▶ _What needs to be done_:
Images are not part of the copy; write out the rest of the data exactly as given.

▶ _Material provided_:
==================================================
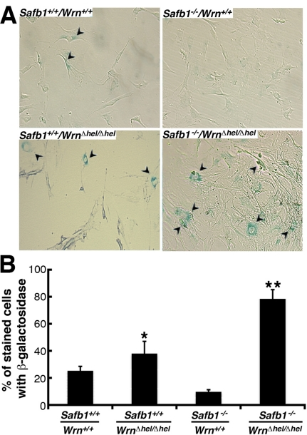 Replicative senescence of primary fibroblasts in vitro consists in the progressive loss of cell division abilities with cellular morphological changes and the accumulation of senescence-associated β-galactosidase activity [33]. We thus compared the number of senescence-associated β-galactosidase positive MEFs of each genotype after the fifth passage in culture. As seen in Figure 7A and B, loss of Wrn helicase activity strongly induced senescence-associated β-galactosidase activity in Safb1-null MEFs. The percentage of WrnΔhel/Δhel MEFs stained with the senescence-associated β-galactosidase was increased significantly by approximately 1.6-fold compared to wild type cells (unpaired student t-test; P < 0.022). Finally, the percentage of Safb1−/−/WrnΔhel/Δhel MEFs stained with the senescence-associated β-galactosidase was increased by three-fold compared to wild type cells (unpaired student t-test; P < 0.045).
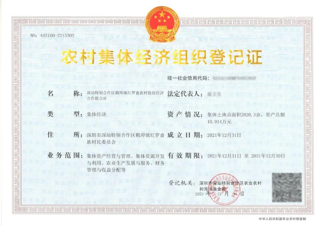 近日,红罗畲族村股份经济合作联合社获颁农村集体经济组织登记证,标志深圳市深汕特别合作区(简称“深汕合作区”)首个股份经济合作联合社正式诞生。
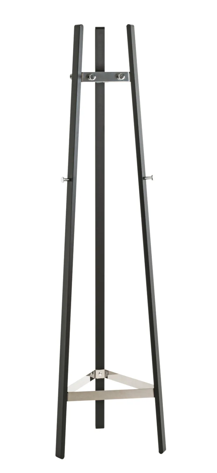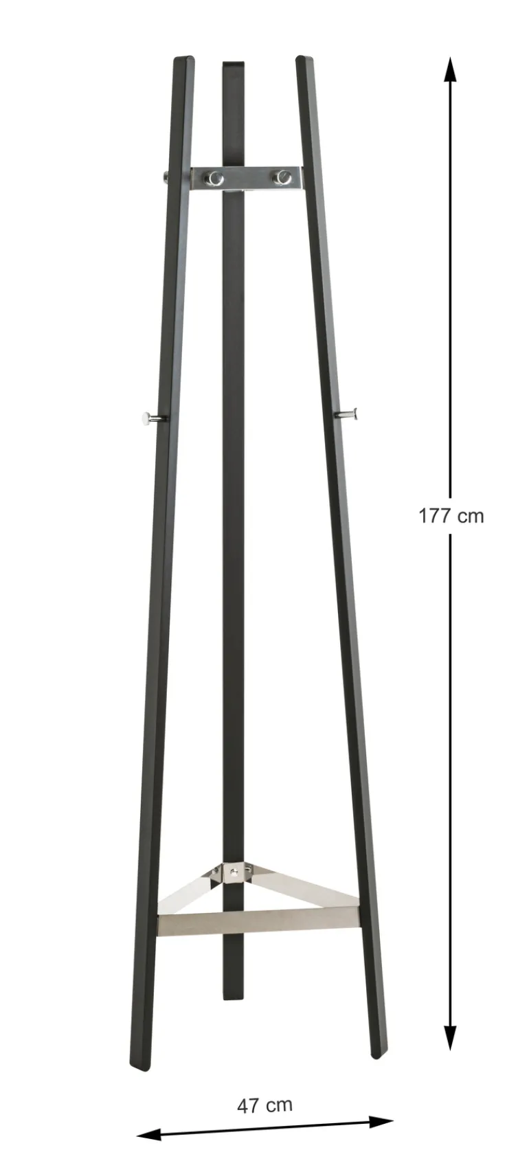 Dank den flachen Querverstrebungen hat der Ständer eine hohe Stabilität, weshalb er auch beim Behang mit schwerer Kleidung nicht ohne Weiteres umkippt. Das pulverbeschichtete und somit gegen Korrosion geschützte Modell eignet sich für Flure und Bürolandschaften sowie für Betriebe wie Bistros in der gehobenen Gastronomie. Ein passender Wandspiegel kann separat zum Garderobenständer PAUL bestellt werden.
==================================================
▶ _Solution to this problem_:
 Replicative senescence of primary fibroblasts in vitro consists in the progressive loss of cell division abilities with cellular morphological changes and the accumulation of senescence-associated β-galactosidase activity [33]. We thus compared the number of senescence-associated β-galactosidase positive MEFs of each genotype after the fifth passage in culture. As seen in Figure 7A and B, loss of Wrn helicase activity strongly induced senescence-associated β-galactosidase activity in Safb1-null MEFs. The percentage of WrnΔhel/Δhel MEFs stained with the senescence-associated β-galactosidase was increased significantly by approximately 1.6-fold compared to wild type cells (unpaired student t-test; P < 0.022). Finally, the percentage of Safb1−/−/WrnΔhel/Δhel MEFs stained with the senescence-associated β-galactosidase was increased by three-fold compared to wild type cells (unpaired student t-test; P < 0.045).
 近日,红罗畲族村股份经济合作联合社获颁农村集体经济组织登记证,标志深圳市深汕特别合作区(简称“深汕合作区”)首个股份经济合作联合社正式诞生。
 Dank den flachen Querverstrebungen hat der Ständer eine hohe Stabilität, weshalb er auch beim Behang mit schwerer Kleidung nicht ohne Weiteres umkippt. Das pulverbeschichtete und somit gegen Korrosion geschützte Modell eignet sich für Flure und Bürolandschaften sowie für Betriebe wie Bistros in der gehobenen Gastronomie. Ein passender Wandspiegel kann separat zum Garderobenständer PAUL bestellt werden.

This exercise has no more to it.